The task of converting PDF documents and automatic content reconstruction has been an outstanding problem for over three decades (Cattoni et al., 1998; Chanod et al., 2005). Broadly speaking, there are two types of approaches to this problem. In the first approach, documents are converted with the goal to represent the content as close as possible to the original visual layout of the document. This can be done through a conversion from PDF towards HTML or MS Word for example. The second approach attempts to convert the document into a format that can be easily processed programmatically, i.e. a representation of the document which is not preserving the layout, yet contains all the content from the original document in a structured format. For example, this could be a JSON/XML file with a particular schema. Since our Corpus Conversion Service is thought of as a first step towards a knowledge discovery platform for documents, we have opted for the second approach in our solution.

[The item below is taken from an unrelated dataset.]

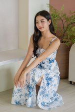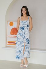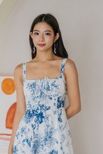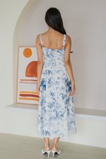Madilyn Ribbon Tie Back Midi Dress (Dark Blue Floral)
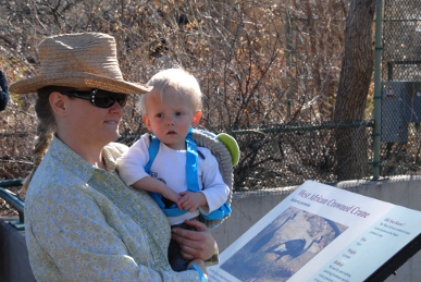 When let off his leash, Xavier headed straight for the sand area, and straight for a shovel. He pushed the shovel into the sand like he knew what he was doing, then assisted a little girl about his age in filling her bucket with sand. I was unable to get Xavier to take interest in the sand sifters, but he did unearth a plastic spoon. Throwing aside his big shovel (perhaps so as not to damage any buried archaeological discoveries with it), he proceeded to fill buckets with sand, scooping the sand with the plastic spoon. It was his prize of the dig.

Many solutions have already been developed that tackle the problem of document conversion. There are well known open-source programs such as Xpdf333 and Tabula444 There are also proprietary solutions, such as Abby555, Nuance666 or DataCap777 In contrast to the open-source solutions, all three proprietary solutions support also extraction from scanned documents. Besides the well known open-source and proprietary solutions, there are also countless academic solutions as well as libraries. For example, the challenge of segmenting complex page layouts is actively addressed by recurring competitions posed by ICDAR, as in Ref. (Antonacopoulos et al., 2015) and previous editions.

3. Platform design

Given the plethora of existing solutions, we would like to point out how our solution differs from these, and thus approaches the problem of document conversion in a new way.

The key idea is that we do not write any rule-based conversion algorithms, but rather utilize generic machine learning algorithms which produce models that can be easily and quickly trained on ground-truth acquired via human annotation. This flexible mechanism allows us to adapt very quickly to certain templates of documents, achieve very accurate results and ultimately eliminates the time-consuming and costly tuning of traditional rule-based conversion algorithms. This approach is in stark contrast to the previously mentioned state of the art conversion systems, which are all rule-based.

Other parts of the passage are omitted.